• _EXERCISE DETAILS_: Retype the data exactly. Spelling and punctuation stay as they are.

##### DATA BELOW #####

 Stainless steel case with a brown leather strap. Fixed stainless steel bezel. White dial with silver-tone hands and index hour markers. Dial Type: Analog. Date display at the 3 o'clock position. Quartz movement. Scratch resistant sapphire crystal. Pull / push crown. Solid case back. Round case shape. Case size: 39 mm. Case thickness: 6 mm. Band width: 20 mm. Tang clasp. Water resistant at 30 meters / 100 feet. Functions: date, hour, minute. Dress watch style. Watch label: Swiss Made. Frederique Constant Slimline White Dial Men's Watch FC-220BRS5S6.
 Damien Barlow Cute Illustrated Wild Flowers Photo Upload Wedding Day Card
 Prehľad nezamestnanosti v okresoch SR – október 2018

#####

• _SOLUTION TO THIS PROBLEM_:
 Stainless steel case with a brown leather strap. Fixed stainless steel bezel. White dial with silver-tone hands and index hour markers. Dial Type: Analog. Date display at the 3 o'clock position. Quartz movement. Scratch resistant sapphire crystal. Pull / push crown. Solid case back. Round case shape. Case size: 39 mm. Case thickness: 6 mm. Band width: 20 mm. Tang clasp. Water resistant at 30 meters / 100 feet. Functions: date, hour, minute. Dress watch style. Watch label: Swiss Made. Frederique Constant Slimline White Dial Men's Watch FC-220BRS5S6.
 Damien Barlow Cute Illustrated Wild Flowers Photo Upload Wedding Day Card
 Prehľad nezamestnanosti v okresoch SR – október 2018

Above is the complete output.